Moving onto Life Molecular Imaging’s 18F PI-2620 compound targeting TAU, can you tell us about your research here?
Lucy Vivash – TAU is relevant to almost every neurodegenerative disease that exists, but the disease we’re really focused on for TAU diagnosis and therapy is frontotemporal dementia, whereby about 45% of patients have a TAU based pathology.
The 18F PI-2620 tracer is really exciting. I remember talking to Cyclotek’s CEO Greg Santamaria about this 5 years ago, he was showing me the latest in TAU tracers and out of a few TAU tracers we selected for research, we chose PI-2620. In an optimistic fashion, Terry and I wrote hundreds of grant applications for research looking at new treatments that are anti-TAU for some of these neurodegenerative diseases.
Eventually, we got the funding as well as the phone call that PI-2620 was available. Having a look at some of the first data of the PET scan was a really memorable moment for me; you could see the TAU was right where it should be, mapping perfectly with the severity of the disease in these patients! Now we’re using PI-2620in our clinical trials. Theoretically, this is the future, because if our drug works the way we think it does and reduces TAU in the brain, then we will see on the PET scan an absolute definitive change in TAU levels prior to and after treatment.
What role does PET imaging play in the future of neurology? How would you expand its use or explore its potential?
Terry O’Brien – Once we develop new treatments that are effective in slowing down or reversing a neurological disease, we need ways to monitor the effectiveness of these treatments. Potentially, PET will be a way of seeing if we have effectively addressed the pathology as we’d wanted to.
The other area that we’re expecting to become popular soon in the neuroscience area is theranostics. Theranostics combines the diagnostics with therapies by attaching some sort of therapy to your targeted tracer. The tracer which binds to a particular type of protein or cell carries with it something which either kills or modulates the protein or cell, which will make for very targeted and personalised therapy.
I expect it will become part of the diagnostic algorithm, we won’t just diagnose someone with dementia or Alzheimer’s, but rather with Alzheimer’s disease-related to a particular type of amyloid pathology and therefore we can put them into a treatment program that targets that type of pathology. This is a whole new area of research we’re going to be getting into in neurology and it’s probably where the next 10 years is taking us.
Are you optimistic about the future of diagnosing and treating neurological disease?
Terry O’Brien – Absolutely! The last decade has really taken years of neuroscience research to the point where now therapies that target specific pathologies are coming into trials.

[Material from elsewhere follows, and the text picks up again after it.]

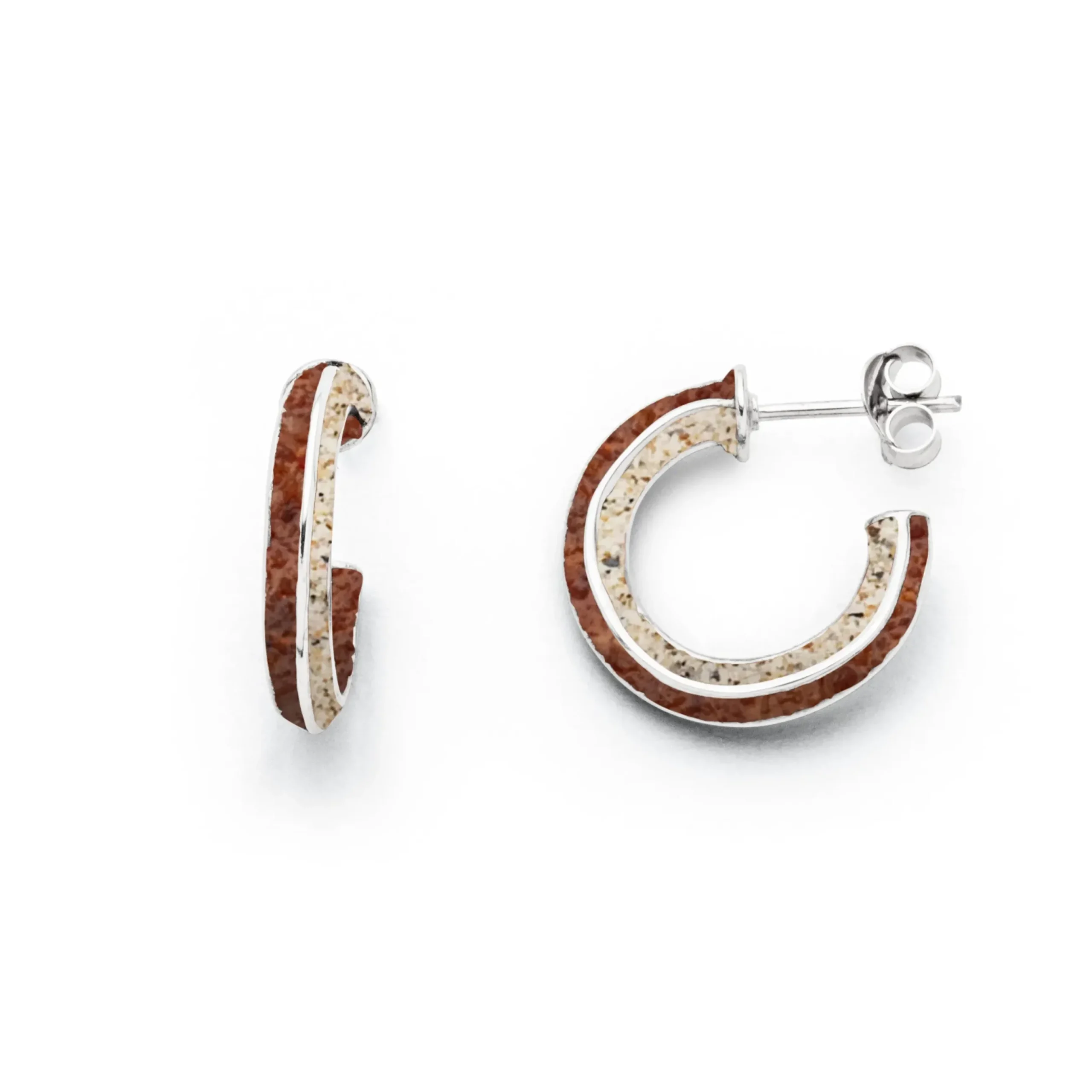 Creole „Wellenspiel“, handgefertigt, mit leicht geschwungenen Elementen, wechselweise gefüllt mit Strandsand und Bernsteinsand, alles aus rhodiniertem 925er Sterlingsilber

For so many different diseases that we could never imagine would ever be treatable, there are now therapies being trialled.

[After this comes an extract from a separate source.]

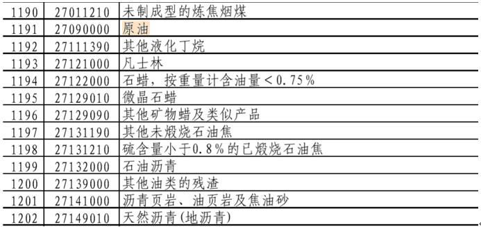 1.原油首次纳入中国进口商品加征关税清单

Lucy Vivash – Like Terry, I’m extremely optimistic about the future of neurology. The developments that have come through in the last decade have really changed things and everyone is now taking in a wider approach and realising that we need to look at multiple different aspects of a disease and use multiple different techniques and technologies to do so. I think the future development and application of therapies will be closely intertwined with the research of new diagnostic tests, particularly with PET.